▶ [Work to be completed] When a line in the listing contains the string "that", pick it out and copy it.

▶ [Input data]
#####

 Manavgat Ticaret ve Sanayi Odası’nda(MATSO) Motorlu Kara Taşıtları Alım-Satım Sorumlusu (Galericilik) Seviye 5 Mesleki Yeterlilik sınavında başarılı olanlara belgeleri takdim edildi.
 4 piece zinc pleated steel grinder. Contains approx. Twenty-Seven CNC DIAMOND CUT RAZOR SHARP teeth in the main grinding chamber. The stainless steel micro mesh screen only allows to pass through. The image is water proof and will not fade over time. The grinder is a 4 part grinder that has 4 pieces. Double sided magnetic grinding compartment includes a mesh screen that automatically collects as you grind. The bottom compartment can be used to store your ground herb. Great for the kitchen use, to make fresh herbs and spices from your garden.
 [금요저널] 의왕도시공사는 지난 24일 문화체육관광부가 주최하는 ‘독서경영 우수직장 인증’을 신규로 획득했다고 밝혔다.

#####

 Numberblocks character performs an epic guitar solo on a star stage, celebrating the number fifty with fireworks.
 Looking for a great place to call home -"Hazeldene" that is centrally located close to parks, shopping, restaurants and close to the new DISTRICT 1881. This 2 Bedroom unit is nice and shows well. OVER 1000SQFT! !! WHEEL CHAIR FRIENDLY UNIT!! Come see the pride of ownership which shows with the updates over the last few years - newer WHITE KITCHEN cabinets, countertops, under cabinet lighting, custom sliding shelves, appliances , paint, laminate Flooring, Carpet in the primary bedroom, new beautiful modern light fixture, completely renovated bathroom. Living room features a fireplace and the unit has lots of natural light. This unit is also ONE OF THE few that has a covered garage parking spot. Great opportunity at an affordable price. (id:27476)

#####

▶ [Written solution]
 4 piece zinc pleated steel grinder. Contains approx. Twenty-Seven CNC DIAMOND CUT RAZOR SHARP teeth in the main grinding chamber. The stainless steel micro mesh screen only allows to pass through. The image is water proof and will not fade over time. The grinder is a 4 part grinder that has 4 pieces. Double sided magnetic grinding compartment includes a mesh screen that automatically collects as you grind. The bottom compartment can be used to store your ground herb. Great for the kitchen use, to make fresh herbs and spices from your garden.
 Looking for a great place to call home -"Hazeldene" that is centrally located close to parks, shopping, restaurants and close to the new DISTRICT 1881. This 2 Bedroom unit is nice and shows well. OVER 1000SQFT! !! WHEEL CHAIR FRIENDLY UNIT!! Come see the pride of ownership which shows with the updates over the last few years - newer WHITE KITCHEN cabinets, countertops, under cabinet lighting, custom sliding shelves, appliances , paint, laminate Flooring, Carpet in the primary bedroom, new beautiful modern light fixture, completely renovated bathroom. Living room features a fireplace and the unit has lots of natural light. This unit is also ONE OF THE few that has a covered garage parking spot. Great opportunity at an affordable price. (id:27476)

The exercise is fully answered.